How Easy Is It to Impersonate Your Business?

Let’s imagine somebody wanted to impersonate your business.

Without the correct protections in place, they may be able to send an email that appears to come from your domain.

They don’t need to hack your Microsoft 365 account.
They don’t need to compromise your laptop.

They simply send an email pretending to be you.

And to the person receiving it, it can look completely legitimate.

That’s exactly the type of fraud SPF, DKIM and DMARC were designed to prevent.

One of the most common misunderstandings we come across is this:

“We’ve got email… so we must be secure.”

In reality, that’s often not the case.

Most email systems will happily send and receive messages—but that doesn’t mean they’re protected from impersonation. And that’s where problems start.

So what are SPF, DKIM and DMARC—and why do they matter?

Start With the Real Risk

Before we get into the acronyms, it’s worth understanding the problem they’re solving.

Most email-related fraud doesn’t look suspicious.

  • Familiar
  • Normal
  • Often urgent

And in many cases, it appears to come from a genuine email address.

That’s because it’s not always about hacking systems. It’s about impersonation, timing, and pressure.

SPF – Where Your Email Is Allowed to Come From

SPF stands for Sender Policy Framework.

That sounds technical—but the idea is simple.

Think of SPF like an approved supplier list for your email.

You’re publishing a record that says:

“These are the systems allowed to send email on behalf of our business.”

So if an email claims to come from your business—but didn’t come from one of those approved systems—it gets flagged.

If it’s not on the list, we stop.

DKIM – Proving the Email Hasn’t Been Changed

DKIM stands for DomainKeys Identified Mail.

Think of it as a digital seal on your email.

When an email is sent, it’s signed. When it’s received, that signature is checked.

If anything has been changed—even slightly—the seal breaks.

No seal = something’s been tampered with.

DMARC – Deciding What Happens When Things Go Wrong

DMARC is what ties everything together.

“What do we do if something doesn’t look right?”

With DMARC, you can:

  • Reject the email
  • Quarantine it
  • Monitor what’s happening

In simple terms:

  • SPF checks where it came from
  • DKIM checks if it’s been changed
  • DMARC enforces the rules

Why This Matters in the Real World

We regularly show businesses examples where everything looks right at first glance.

The name is correct.
The signature is correct.
The wording feels normal.

But the domain is slightly altered—sometimes just one character.

That’s incredibly difficult to spot when you’re busy.

This isn’t about people being careless.

It’s about people being busy and trying to do their job.

This Isn’t About Blaming Staff

Fraud works because people are:

  • Helpful
  • Busy
  • Working under pressure

Your job as a business owner isn’t to ask people to be more suspicious—it’s to put systems in place that protect them.

It’s the First Line of Defence

SPF, DKIM and DMARC aren’t optional extras.
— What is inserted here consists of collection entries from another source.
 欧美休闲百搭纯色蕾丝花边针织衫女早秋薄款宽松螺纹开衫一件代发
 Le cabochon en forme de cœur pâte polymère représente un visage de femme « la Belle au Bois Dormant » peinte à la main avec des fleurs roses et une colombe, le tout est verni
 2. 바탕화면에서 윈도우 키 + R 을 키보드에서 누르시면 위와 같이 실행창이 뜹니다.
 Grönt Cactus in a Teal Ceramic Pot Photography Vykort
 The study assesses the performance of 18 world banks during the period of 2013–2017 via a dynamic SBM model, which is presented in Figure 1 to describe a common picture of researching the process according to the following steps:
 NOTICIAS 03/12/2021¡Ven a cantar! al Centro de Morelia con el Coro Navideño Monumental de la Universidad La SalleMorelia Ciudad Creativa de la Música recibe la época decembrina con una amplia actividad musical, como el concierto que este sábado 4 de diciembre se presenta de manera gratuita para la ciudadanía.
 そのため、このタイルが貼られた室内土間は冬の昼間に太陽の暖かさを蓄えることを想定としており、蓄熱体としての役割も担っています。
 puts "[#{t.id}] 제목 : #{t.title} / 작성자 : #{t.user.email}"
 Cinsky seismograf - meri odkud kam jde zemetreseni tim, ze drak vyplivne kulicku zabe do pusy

They’re the basics.

They stop bad emails getting through in the first place, before your team ever has to make a judgement call.

Final Thoughts

Email is where most invoice fraud starts.
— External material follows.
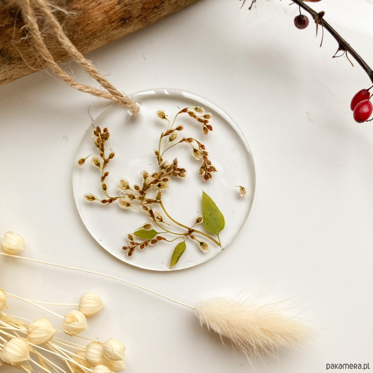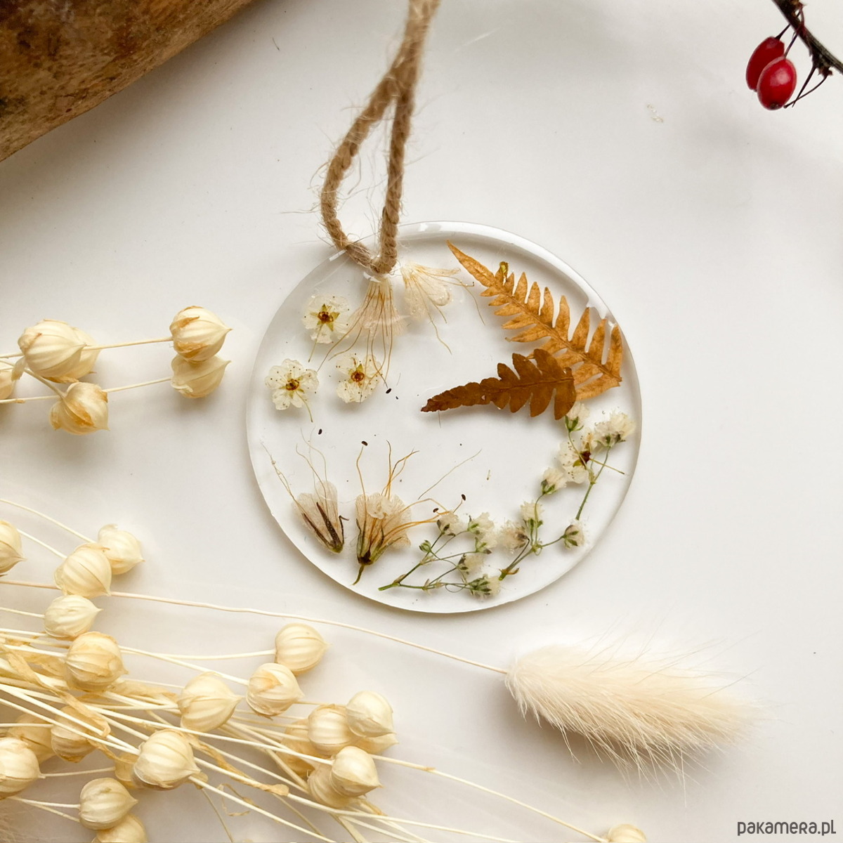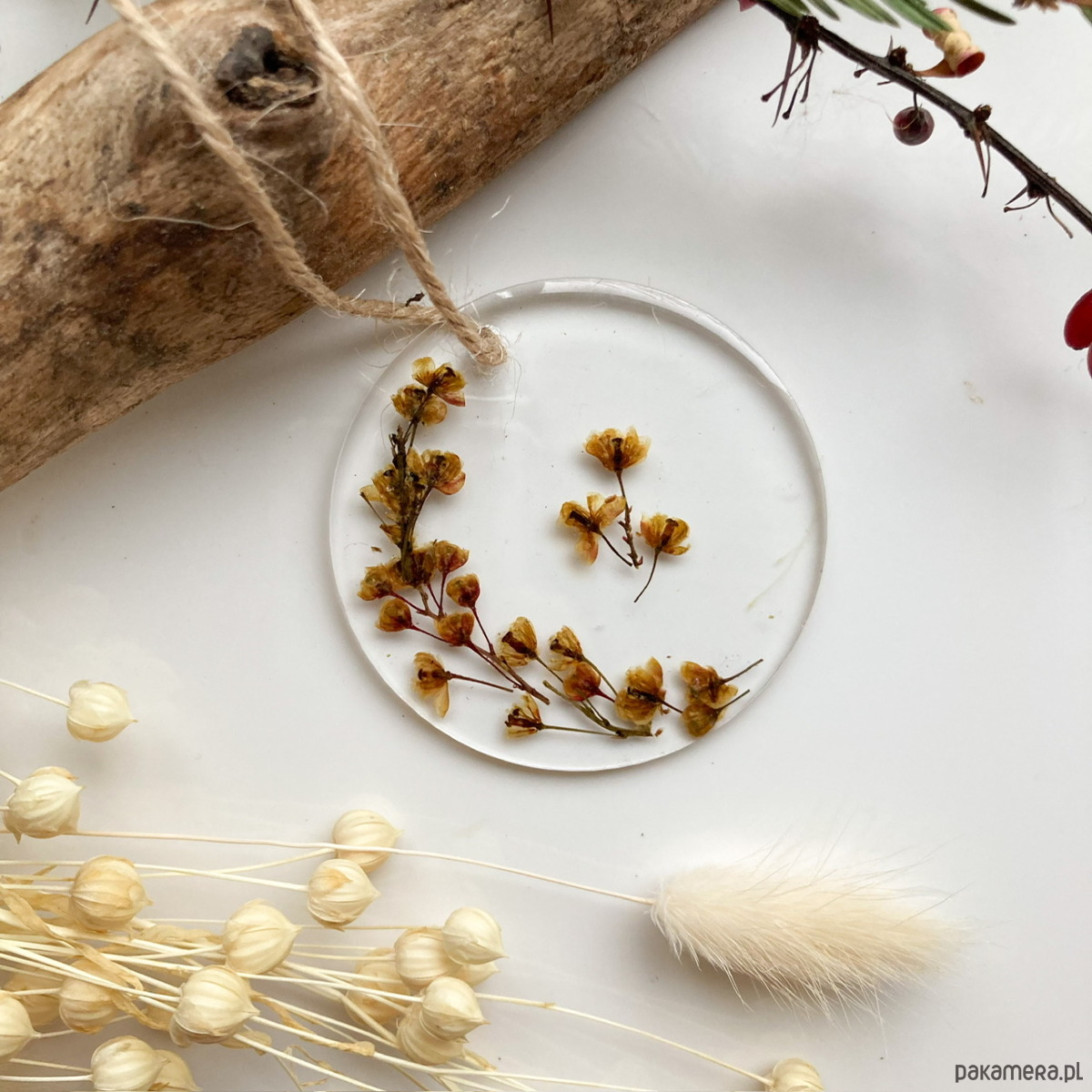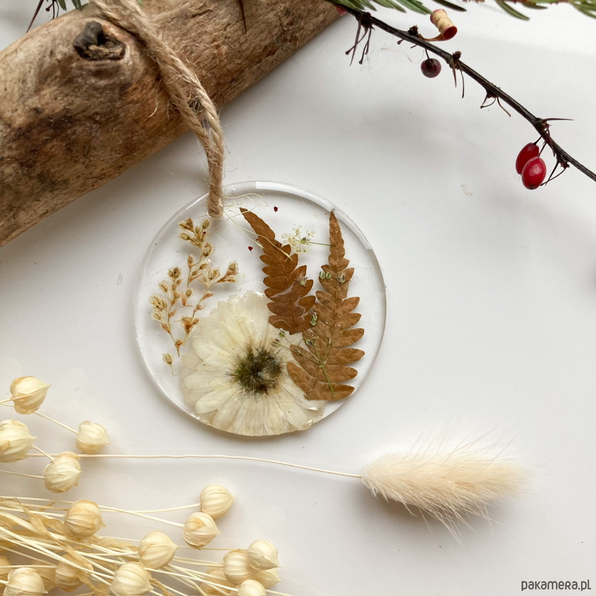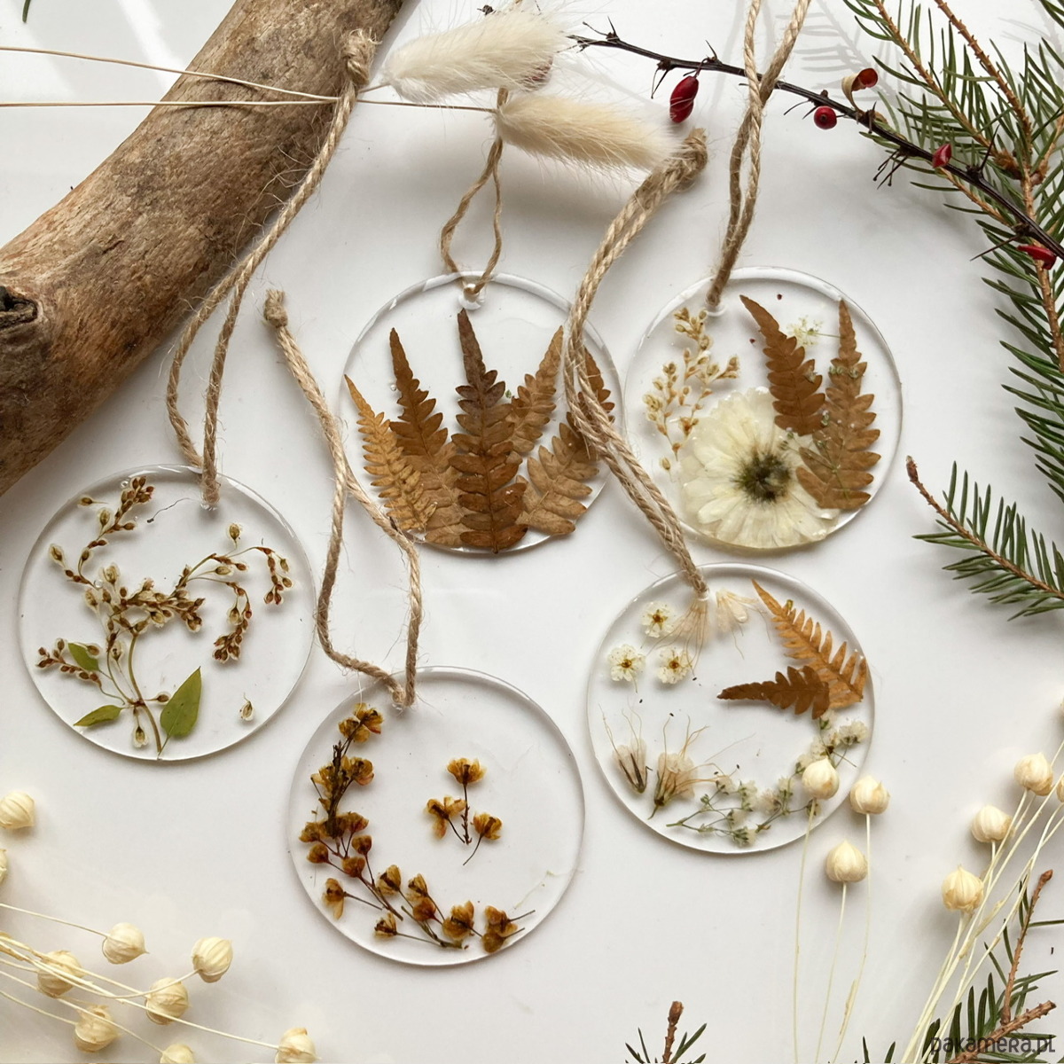 Niepowtarzalne, ręcznie robione bombki z pokrytymi żywicą suszonymi kwiatami. Zestaw zawiera 5 sztuk bombek wykonanych z pleksi (zatem nie da się ich stłuc). To świetny pomysł na niebanalny, wyjątkowy prezent- na życzenie klienta mogę dołączyć karteczkę z dedykacją.

If your email security isn’t doing its job, everything else is already under pressure.

SPF, DKIM and DMARC give you that first layer of protection.

Need Help?

At Affirm IT, we take a practical approach to email security. We don’t start with jargon—we start with simple questions:

  • Do you know where your email is allowed to come from?
  • Are your emails protected from being altered?
  • What happens if those checks fail?
  • Are you relying on people to spot problems that technology should catch?

From there, we put the right foundations in place so your email works the way it should.

If you’re not sure where you stand today, don’t hesitate to
get in touch with us.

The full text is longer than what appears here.